Here's a nice video of his vocal music. Though the acoustic is resonant and the choir is pretty large, nothing feels cluttered about his vocal writing. The subtitles are nice also, if you read Latin.


----------



## ptr

ComposerOfAvantGarde said:


> ptr what do you think of this one?


Haven't heard that disc, but generally I've not warmed that much to Suzuki's interpretations and playing, I often find them HIP in the wrong way in being overly literal, but as I wrote, haven't heard this disc so it may be the one that proves me wrong!

You asked about choral works, I have this 3CD set and find it very convincing!












> *Choral Works Sweelinck - Vol.
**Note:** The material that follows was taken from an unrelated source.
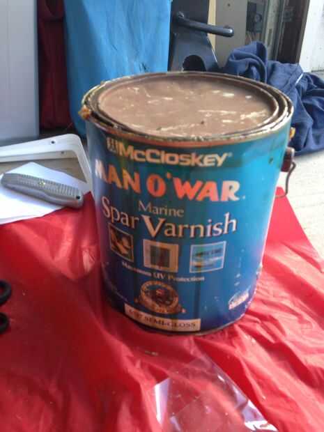 En la mañana aplica una capa gruesa de barniz de grado marino con una brocha barata regular. Este material es desagradable, un respirador y un montón de ventilación es muy recomendable.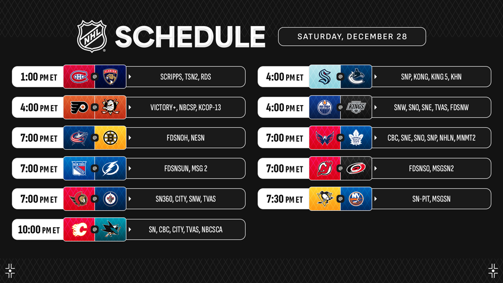 A full day of NHL action on Saturday starts early (MTL at FLA: 1 p.m. ET) and runs all day with an 11-game slate that will see each of the seven Canadian teams in action and a three-pack of contests on Sportsnet as part of Hockey Night in Canada that could include the return of Alex Ovechkin and his continued pursuit of Wayne Gretzky’s goal record (also on NHL Network).

I, II, III*
> Composer(s): Jan Pieterszoon Sweelinck (1562-1621)
> 
> Artist(s): Netherlands Chamber Choir
> Peter Phillips / William Christie / Ton Koopman / Jan Boeke / Philippe Herreweghe / Willem Bremer
> René van Laken / Harry Ries / Wim Bécu / Paul van Nevel
> 
> Jan Pieterszoon Sweelinck (1562-1621) is one of the few composers of the Northern Netherlands who enjoyed an international reputation. Even during his lifetime, he attracted students from far and wide, who came to learn from him, copy his music and adopt his style. On returning to their native countries, they would not only take back a pile of Sweelinck's compositions but also a deep respect for this modest 'Orpheus of Amsterdam'. Sweelinck undertook and completed the massive effort of composing musical settings for all 150 Psalms, using the rhymed French-language versions by Marot and De Bèze. In both the Psalms and Cantiones Sacrae he demonstrates a deep knowledge of the major French and Italian compositional techniques - Homophony, strict counterpoint, imitation, chanson and madrigal styles are all to be found here. From its formation in 1937 onwards, the renown of the Nederlands Kamerkoor has grown rapidly and the quality of the ensemble has inspired leading composers; including Frank Martin, Francis Poulenc, James MacMillan and Sir John Tavener, to compose works for a cappella chorus. The choir has developed into an all-round ensemble that has mastered all facets of choral music, and is considered to be one of the world's best. Bernard Winsemius, a connoisseur of church music, organ and carillon, is the ideal organist to play this repertoire. Peter Phillips (Tallis Scholars), Ton Koopman (The Amsterdam Baroque Orchestra) and William Christie (Les Arts Florissants) have all earned a reputation as choral conductors and they frequently tour the world with their Renaissance- and Baroque ensembles.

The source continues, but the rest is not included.